Provided data Start Marker
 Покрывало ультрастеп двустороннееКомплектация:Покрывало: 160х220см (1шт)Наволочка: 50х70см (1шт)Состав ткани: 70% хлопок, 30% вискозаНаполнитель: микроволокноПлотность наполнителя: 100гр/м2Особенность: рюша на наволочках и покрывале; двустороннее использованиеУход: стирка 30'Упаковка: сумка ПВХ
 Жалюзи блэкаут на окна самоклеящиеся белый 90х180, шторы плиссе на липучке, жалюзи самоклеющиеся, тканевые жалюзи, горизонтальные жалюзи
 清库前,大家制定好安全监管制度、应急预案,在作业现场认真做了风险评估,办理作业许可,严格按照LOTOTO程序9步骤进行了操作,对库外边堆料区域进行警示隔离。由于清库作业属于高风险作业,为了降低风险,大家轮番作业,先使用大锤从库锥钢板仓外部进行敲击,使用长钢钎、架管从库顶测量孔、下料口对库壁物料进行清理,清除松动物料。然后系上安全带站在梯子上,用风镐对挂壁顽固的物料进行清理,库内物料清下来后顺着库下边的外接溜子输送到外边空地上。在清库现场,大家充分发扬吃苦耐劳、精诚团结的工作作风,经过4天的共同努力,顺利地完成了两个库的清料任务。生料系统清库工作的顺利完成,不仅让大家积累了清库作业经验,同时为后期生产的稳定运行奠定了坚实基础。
Provided data End Marker
Provided data Start Marker
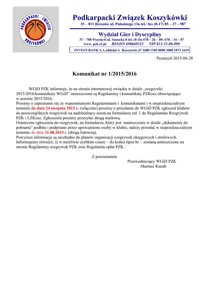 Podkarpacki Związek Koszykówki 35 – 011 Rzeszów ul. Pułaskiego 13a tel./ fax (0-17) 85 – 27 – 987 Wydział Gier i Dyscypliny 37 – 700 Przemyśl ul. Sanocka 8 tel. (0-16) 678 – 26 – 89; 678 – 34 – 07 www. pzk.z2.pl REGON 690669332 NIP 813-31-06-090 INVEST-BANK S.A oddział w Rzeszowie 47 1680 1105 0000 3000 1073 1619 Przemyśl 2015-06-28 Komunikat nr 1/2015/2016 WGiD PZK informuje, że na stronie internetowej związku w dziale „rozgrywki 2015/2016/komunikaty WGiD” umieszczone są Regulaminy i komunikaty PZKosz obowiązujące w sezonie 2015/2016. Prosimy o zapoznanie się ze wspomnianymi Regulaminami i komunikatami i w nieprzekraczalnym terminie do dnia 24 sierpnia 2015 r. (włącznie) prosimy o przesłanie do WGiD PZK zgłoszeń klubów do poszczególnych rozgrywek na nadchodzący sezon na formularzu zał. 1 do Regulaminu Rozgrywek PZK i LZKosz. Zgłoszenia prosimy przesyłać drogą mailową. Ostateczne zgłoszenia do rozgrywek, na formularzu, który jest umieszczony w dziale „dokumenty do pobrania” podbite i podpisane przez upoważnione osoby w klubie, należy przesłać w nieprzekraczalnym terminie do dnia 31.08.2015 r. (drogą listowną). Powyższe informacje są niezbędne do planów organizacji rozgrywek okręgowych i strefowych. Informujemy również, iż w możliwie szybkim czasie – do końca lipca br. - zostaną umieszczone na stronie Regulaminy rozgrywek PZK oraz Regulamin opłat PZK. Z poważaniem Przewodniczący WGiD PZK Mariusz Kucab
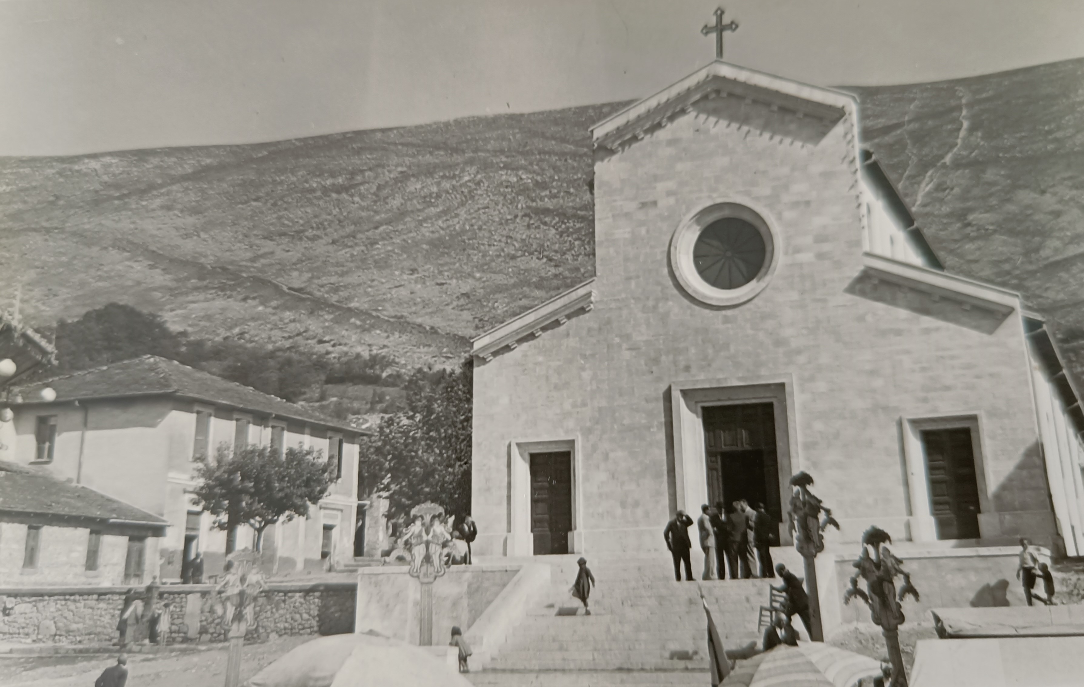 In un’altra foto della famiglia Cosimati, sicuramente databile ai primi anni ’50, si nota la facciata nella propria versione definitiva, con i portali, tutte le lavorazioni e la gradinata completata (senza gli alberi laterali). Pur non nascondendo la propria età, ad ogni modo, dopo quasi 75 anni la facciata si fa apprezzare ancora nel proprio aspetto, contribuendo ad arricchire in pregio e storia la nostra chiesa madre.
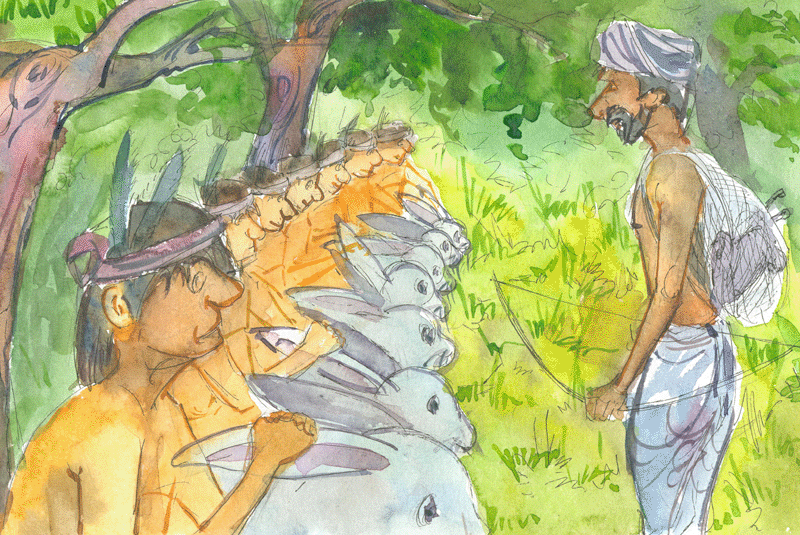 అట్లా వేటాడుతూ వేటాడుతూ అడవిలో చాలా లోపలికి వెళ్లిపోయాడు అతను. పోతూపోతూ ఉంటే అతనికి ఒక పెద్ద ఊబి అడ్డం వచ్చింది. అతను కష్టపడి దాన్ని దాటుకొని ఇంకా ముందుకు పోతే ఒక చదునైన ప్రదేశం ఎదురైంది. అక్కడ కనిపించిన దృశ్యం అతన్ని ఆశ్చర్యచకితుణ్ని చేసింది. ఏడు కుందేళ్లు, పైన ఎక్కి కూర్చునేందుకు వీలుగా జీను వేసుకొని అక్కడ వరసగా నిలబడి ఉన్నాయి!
Provided data End Marker
Provided data Start Marker
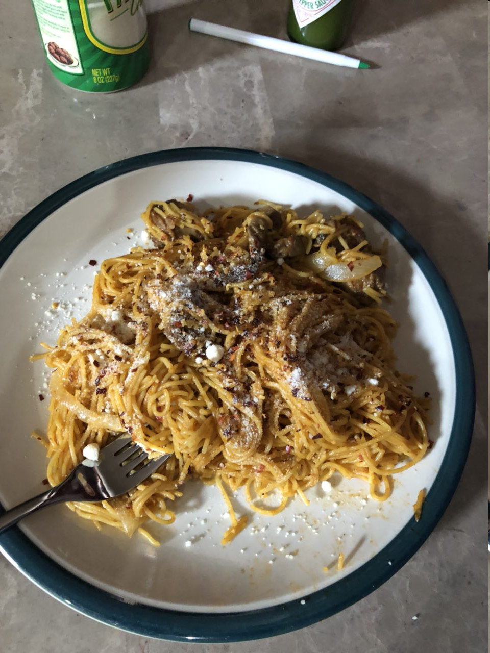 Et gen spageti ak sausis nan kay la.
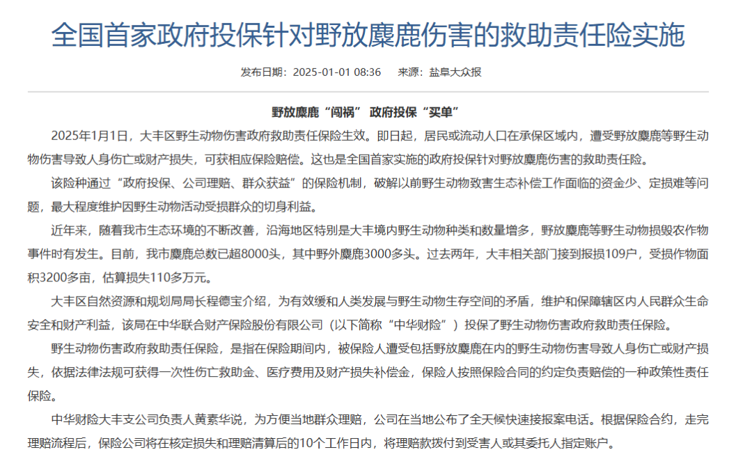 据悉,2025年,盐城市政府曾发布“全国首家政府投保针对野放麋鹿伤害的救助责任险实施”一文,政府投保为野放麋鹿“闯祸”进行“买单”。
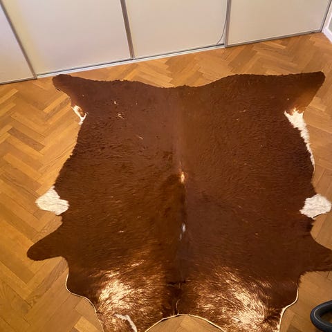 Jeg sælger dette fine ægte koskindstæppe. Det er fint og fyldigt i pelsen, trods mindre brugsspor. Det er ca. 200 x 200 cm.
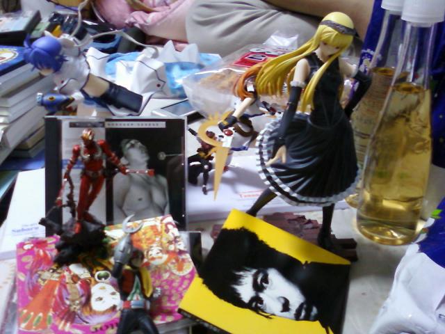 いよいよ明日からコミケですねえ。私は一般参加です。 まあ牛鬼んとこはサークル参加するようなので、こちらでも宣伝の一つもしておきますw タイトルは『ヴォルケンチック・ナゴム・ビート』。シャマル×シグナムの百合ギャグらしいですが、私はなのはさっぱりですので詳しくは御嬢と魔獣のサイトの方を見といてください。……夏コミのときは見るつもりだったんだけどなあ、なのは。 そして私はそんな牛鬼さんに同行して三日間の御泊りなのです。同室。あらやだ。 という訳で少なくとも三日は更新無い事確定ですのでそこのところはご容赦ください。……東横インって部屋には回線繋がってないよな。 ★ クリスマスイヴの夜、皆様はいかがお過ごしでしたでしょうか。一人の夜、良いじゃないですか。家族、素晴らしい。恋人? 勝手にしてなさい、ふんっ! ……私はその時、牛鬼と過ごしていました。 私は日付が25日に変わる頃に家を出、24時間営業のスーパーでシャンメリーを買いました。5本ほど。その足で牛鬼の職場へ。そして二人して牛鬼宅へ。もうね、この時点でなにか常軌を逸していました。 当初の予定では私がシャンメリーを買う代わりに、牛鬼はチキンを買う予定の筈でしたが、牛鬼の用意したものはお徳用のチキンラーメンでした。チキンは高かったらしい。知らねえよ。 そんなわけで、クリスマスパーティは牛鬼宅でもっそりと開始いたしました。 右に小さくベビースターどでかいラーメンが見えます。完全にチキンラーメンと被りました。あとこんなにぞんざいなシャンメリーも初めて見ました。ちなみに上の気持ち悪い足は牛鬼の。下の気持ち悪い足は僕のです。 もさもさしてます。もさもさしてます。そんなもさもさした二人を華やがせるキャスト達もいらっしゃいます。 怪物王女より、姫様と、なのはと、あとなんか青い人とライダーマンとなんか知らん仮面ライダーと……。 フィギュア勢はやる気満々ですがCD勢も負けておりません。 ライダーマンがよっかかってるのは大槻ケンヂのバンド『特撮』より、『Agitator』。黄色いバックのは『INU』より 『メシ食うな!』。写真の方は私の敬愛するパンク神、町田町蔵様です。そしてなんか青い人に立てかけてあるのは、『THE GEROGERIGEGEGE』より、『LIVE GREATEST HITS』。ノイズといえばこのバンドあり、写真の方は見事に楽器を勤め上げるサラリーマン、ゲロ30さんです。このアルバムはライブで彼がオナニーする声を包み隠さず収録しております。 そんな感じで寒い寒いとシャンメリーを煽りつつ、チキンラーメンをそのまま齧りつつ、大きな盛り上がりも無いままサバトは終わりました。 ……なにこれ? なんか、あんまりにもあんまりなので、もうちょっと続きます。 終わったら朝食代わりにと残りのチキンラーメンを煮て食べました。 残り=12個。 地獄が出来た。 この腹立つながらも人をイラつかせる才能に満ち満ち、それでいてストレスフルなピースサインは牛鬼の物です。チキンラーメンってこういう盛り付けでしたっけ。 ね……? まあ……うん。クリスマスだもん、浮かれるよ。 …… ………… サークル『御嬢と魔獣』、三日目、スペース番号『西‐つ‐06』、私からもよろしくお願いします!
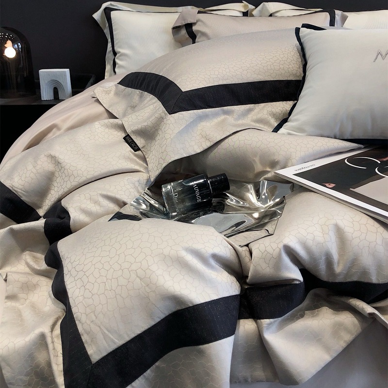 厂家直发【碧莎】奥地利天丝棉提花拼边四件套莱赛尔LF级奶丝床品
Provided data End Marker
• Your goal:
Both end lines included, restate word for word the lines above from the line with "Жалюзи блэкаут на" to the line with "清库前,大家制定好安全监管制", and nothing else.

• Answer below:
 Жалюзи блэкаут на окна самоклеящиеся белый 90х180, шторы плиссе на липучке, жалюзи самоклеющиеся, тканевые жалюзи, горизонтальные жалюзи
 清库前,大家制定好安全监管制度、应急预案,在作业现场认真做了风险评估,办理作业许可,严格按照LOTOTO程序9步骤进行了操作,对库外边堆料区域进行警示隔离。由于清库作业属于高风险作业,为了降低风险,大家轮番作业,先使用大锤从库锥钢板仓外部进行敲击,使用长钢钎、架管从库顶测量孔、下料口对库壁物料进行清理,清除松动物料。然后系上安全带站在梯子上,用风镐对挂壁顽固的物料进行清理,库内物料清下来后顺着库下边的外接溜子输送到外边空地上。在清库现场,大家充分发扬吃苦耐劳、精诚团结的工作作风,经过4天的共同努力,顺利地完成了两个库的清料任务。生料系统清库工作的顺利完成,不仅让大家积累了清库作业经验,同时为后期生产的稳定运行奠定了坚实基础。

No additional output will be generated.